The Study Gives Biomarker Research a Healthy Development Baseline

The useful contribution is a baseline map. Blood proteins are often studied because they are easier to collect than cerebrospinal fluid, imaging data, or tissue samples.

Easy access does not make the measurement simple.

A protein that changes with depression, neurodevelopmental risk, inflammation, or cognition may also change with age, pubertal timing, sex, body fat, and blood cell composition.

Those factors are not side details. They can shape the measured value before any disorder enters the analysis.

The developmental scale also matters for clinical translation.
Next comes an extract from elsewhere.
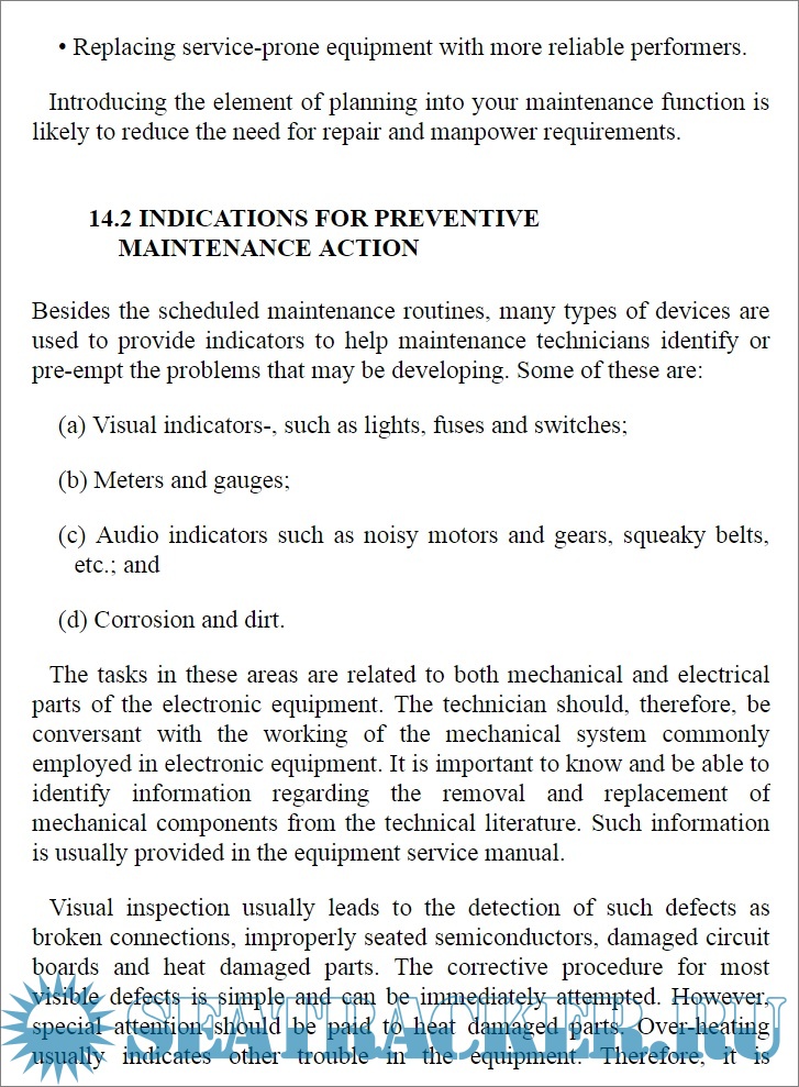 Year: 2007 Language: english Author: R. S. Khandpur Genre: Manual Publisher: McGraw-Hill ISBN: 9780071477314 Format: PDF Quality: eBook Pages count: 522 Description: The reliability of a system is essential in any service, especially on board, where it is frequent to maintain or repair electronic equipment, On the other hand, electronics have changed enormously in recent decades, especially in the field of component miniaturization and their integration. Tiny SMD components are barely visible to the naked eye, and they are difficult or impossible to change or repair. The complexity and interconnection of systems drives to a systems approach to troubleshooting hardware, rather than a components one. This book leads the reader to easy step-by-step procedures for correct identification of the causes of most of the problems occurring in the electronic equipment and methods of repair. It deals with any sort of equipment, from digital to analog electrical circuits, passive and active compomnents, single comonents and integrated circuits, from proper usage of tools and multi-meters to soldering techniques. Many examples are given in the book, specific chapters on reliability aspects of equipment, preventive maintenance, and maintenance management plans are added. Additional info: Both pdf and epub files are provided

A child at age 8 and the same person at age 16 may sit in different molecular states even when both are healthy.

  • For pediatric studies: Narrow age bands and repeated measurements can prevent developmental change from being mistaken for pathology.
  • For adult comparisons: Sex differences seen in adulthood may begin emerging during adolescence, not appear suddenly later.
  • For neuroscience biomarkers: Blood protein readouts tied to neural-function terms still need careful interpretation because blood is an indirect tissue source.

The Sample Was Small and Mostly White

The study’s strongest feature was repeated measurement in the same people over time.

Its main limitation was scale. The analysis used 100 participants, and the cohort was described as relatively small and mainly white.

The platform also did not cover the entire proteome. Olink Explore HT measured more than 5,000 proteins, but only 3,509 proteins passed the detectability filter for the main analysis.

Sample storage time and changing lab conditions could also affect some protein levels because blood samples came from different follow-up years. The authors could not fully rule out that kind of technical influence.

Even with those limits, the study is useful because it shows how much normal developmental movement sits underneath blood-protein biomarker research. Future studies will need larger, more diverse cohorts to test whether the same age and sex patterns hold across populations.

Citation: DOI: 10.1038/s41467-026-72095-3. Bergstrom et al. Longitudinal protein profiling of blood during childhood into early adulthood. Nature Communications. 2026;17:3700.

Study Design: Population-based longitudinal plasma-proteomics study with four childhood-to-adulthood follow-ups.

Sample Size: 100 participants from the Swedish BAMSE birth cohort.

Key Statistic: 1,879 of 3,509 detectable proteins, or 54%, differed across consecutive age windows.

Caveat: The cohort was small and mainly white, and the Olink panel did not cover the full human proteome.